A method for the detection of Cryptosporidium parvum oocysts in milk was developed on the basis of optimizing microfiltration and elution of the material from the filter, and using a previously developed highly sensitive downstream detection by real-time polymerase chain reaction. The method involves heating of milk to 40 degrees C, microfiltration through a membrane microfilter made of a mixture of cellulose acetate and cellulose nitrate (pore size, 3.0 mum), elution of the material from the filter by a solution containing sodium pyrophosphate and Tween 80 in a shaker, rapid DNA extraction using a Chelex-based agent, and single-tube nested real-time PCR. The detection limit of the method is 10 C. parvum oocysts per 100 ml of milk. The developed method may be useful for specific and sensitive control of contamination of milk by C. parvum oocysts.
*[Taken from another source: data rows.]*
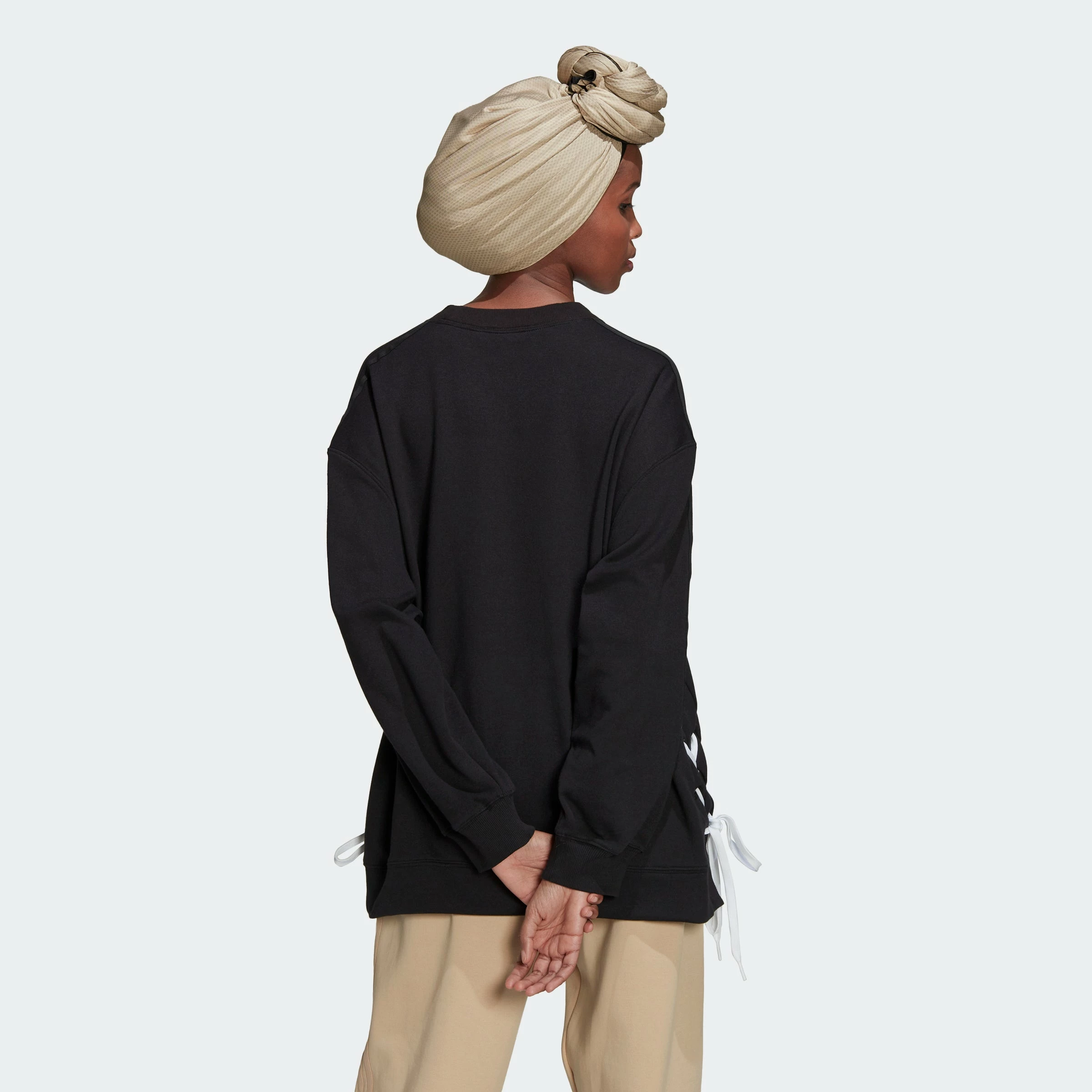 Lace it up as you please. The adidas Always Original Laced Crew Sweatshirt is made to move your way, with a loose, comfortable, soft doubleknit fabric. Loosen the laces and reveal some skin, or perhaps a different layer underneath. Go the opposite route and cinch them tight, letting the laces hang long down the sides. Choose to go cozy and stylish with adidas.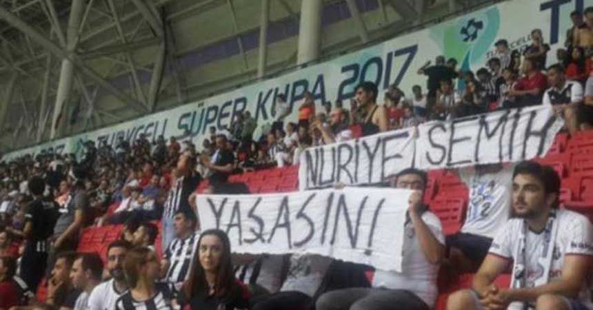 Samsun Valiliğinden yapılan açıklamada, 6 Ağustos’ta saat 20.45’te Samsun Yeni 19 Mayıs Stadı’nda Beşiktaş-Atiker Konyaspor arasında oynanan Turkcell Süper Kupa maçında halen cezaevinde açlık grevinde olan terör örgütü DHKP/C mensupları Nuriye Gülmen ve Semih Özakça’ya destek amaçlı “Nuriye-Semih Yaşasın” ibareli pankart açıldığı belirtilerek, “Olayla ilgili başlatılan tahkikatta il dışından Samsun’a gelen ve taraftardan tespitleri yapılan bir grup tarafından saat 20.05’te kale arkası kuzey üst tribününde pankart açıldığı, açılan pankartı 3 parça halinde şahısların üzerlerine gizlemek suretiyle stadyuma soktukları, olay yerinde çektikleri fotoğrafları sosyal medya hesaplarından paylaştıkları ve olay sonrası geldikleri illere döndükleri anlaşılmıştır. Samsun Cumhuriyet Başsavcılığından alınan talimat doğrultusunda ‘terör örgütünün propagandasını yapmak’ suçundan tespiti yapılan şahıslarla ilgili adli soruşturma başlatılmıştır” denildi.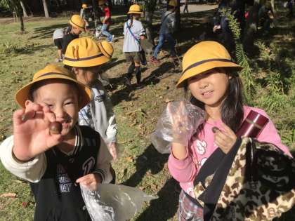 昨日の1年生の同じく、子ども達は夢中になってどんぐりをひろい、時間になるまでたくさんのどんぐりをひろい集めていました。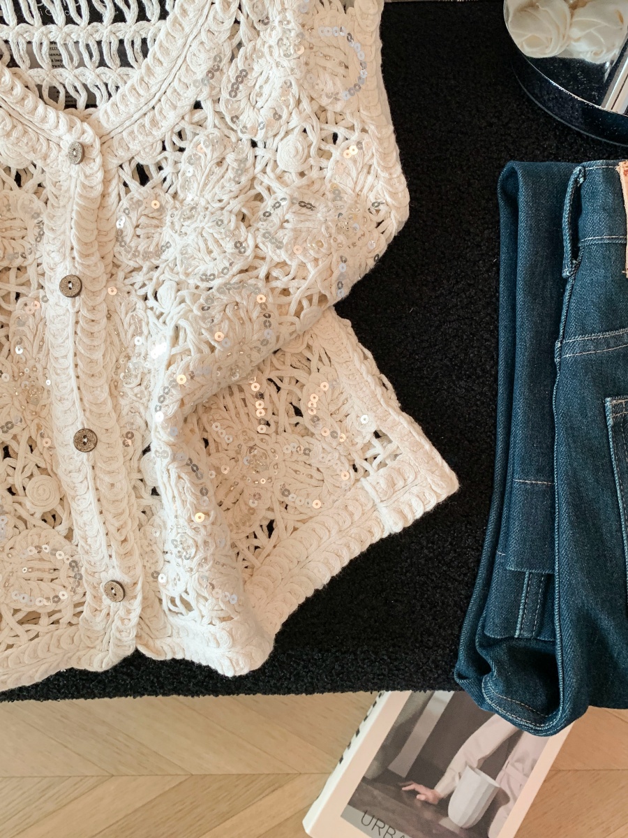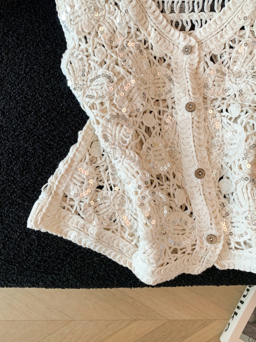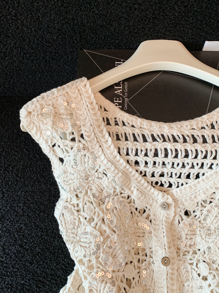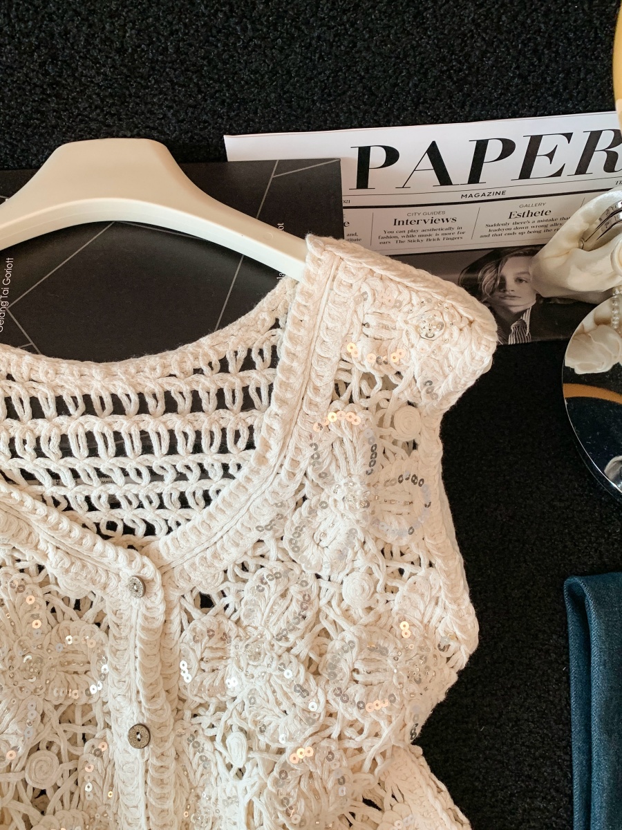 실사 한 부서 chic Chic 여름 휴가 외출용 홀로우 아웃 니트 민소매 맨위 여성 새로운 외출용 레이스

机译:在优化微滤和从过滤器中洗脱物质的基础上,并使用先前开发的通过实时聚合酶链进行的高度灵敏的下游检测方法,开发了一种检测牛奶中隐孢子虫卵囊的方法。反应。该方法包括将牛奶加热到40摄氏度,通过由醋酸纤维素和硝酸纤维素(孔径3.0毫米)的混合物制成的膜式微滤器进行微滤,并通过含焦磷酸钠和吐温80的溶液从过滤器中洗脱材料。在摇床中,使用基于Chelex的试剂快速提取DNA,并进行单管嵌套实时PCR。该方法的检出限为10℃。每100毫升牛奶中的小卵囊。所开发的方法可用于特异性和灵敏地控制iC对牛奶的污染。小卵囊。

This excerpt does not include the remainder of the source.